Un viento de papel y promesas sopla sobre la avenida del Mediterráneo, y la gente ha decidido que la mejor forma de evitar la lluvia de incertidumbre es aferrarse a las colas del consulado de Marruecos en Almería. Cuando la tarde del 14 de abril cayó sobre la capital almeriense, 8.000 almas, con la esperanza de convertir el miedo en papeles, pasaron frente a la entrada diplomática como si fueran a comprar los billetes de un tren que, según el Gobierno de Pedro Sánchez, todavía no salió de la fábrica. El decreto que la ministra de Inclusión, Seguridad Social y Migraciones, Elma Saiz, anunció que permitirá la legalización de más de medio millón de personas en situación irregular, se convirtió en la bomba de relojería que disparó la cola. La publicación oficial en el Boletín Oficial del Estado, prevista para el miércoles, se sintió como el pitido de un semáforo que, al tocar el rojo, hizo girar a la multitud. Entre los que se alinearon, la cifra de 30.000 a 40.000 residentes locales que podrían terminar con su estatus, se esconde entre la maraña de rostros que esperaban turno. Mientras la gente se aferraba a los papeles, el subdelegado del Gobierno en Almería, José María Martín, subió al podio del consulado y pidió calma.
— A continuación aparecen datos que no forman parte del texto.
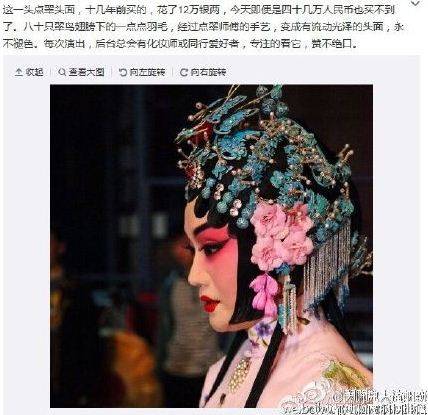 顾影自盼换来了佛头着粪,刘阿姨真替自己冤得慌。今天凌晨,刘阿姨报复式地连发 9张点翠头面图回击网友,以证明行业内就是这样干的:“80只翠鸟一头点翠头面,720只翠鸟换来九位艺术家光彩头目的头面,今天几十万一头价格不菲,各大院团为了民族艺术投资大手笔!”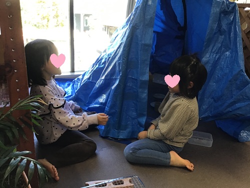 拾った枝を組み合わせてテントを作ると、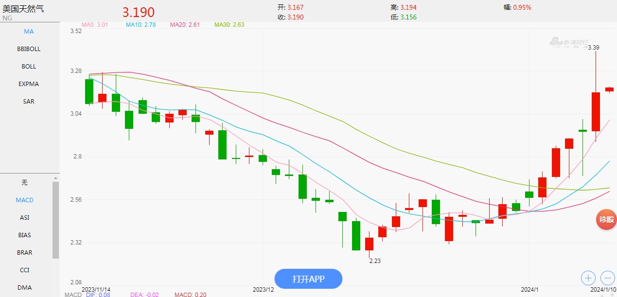 智通财经APP获悉,1月10日凌晨,美国天然气期货一度暴涨12%,最终收涨近7.05%,刷新去年11月15日以来收盘高位。消息面上,天气预报显示,美国大部分地区变得更加寒冷,美国南加州部分地区将出现冰冻天气。东海证券预计,冬季天然气价格将出现反弹,随着冬季到来天然气需求将迎来季节性回暖。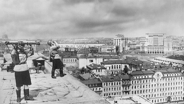 Девушки из местной противовоздушной обороны (МПВО) на крыше московского дома![]()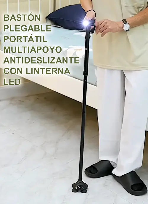 Con tu nuevo bastón plegable con apoyo múltiple antideslizante y linterna led, tendrás la seguridad que necesitas para tus desplazamientos y tu movilidad con confianza.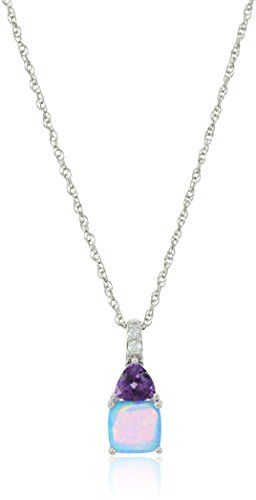 -. Title : Sterling Silver Lab Created Blue Opal, Amethyst and Lab Created White Sapphire Ring, Pendant, Earrings

Su mensaje, que suena más a un anuncio de radio que a una declaración política, insistía en que la mayoría de los trámites se harían de forma telemática a partir del 16 de abril, y que el presencial sería solo una opción a partir del 20, con cita previa. "Acudir ahora a la sala y esperar no es necesario", advirtió, intentando despejar la congestión de rumores. La ley exige que los solicitantes hayan estado en España antes del 1 de enero de 2026, hayan permanecido al menos cinco meses continuos y no tengan antecedentes penales. Estas condiciones, tan claras como una lista de la compra, han hecho que la gente se pregunte si el proceso será tan sencillo como llenar un formulario en línea. La escena se convierte en un microcosmos de la política migratoria española: la burocracia se transforma en espectáculo, los ciudadanos en espectadores que esperan su turno, y el gobierno en un narrador que promete soluciones mientras la realidad se vuelve un teatro de incertidumbre. La avenida del Mediterráneo, escenario de esta avalancha, se convierte en una pista donde la paciencia se vende al mejor postor y el papel se convierte en el nuevo oro de la regularización.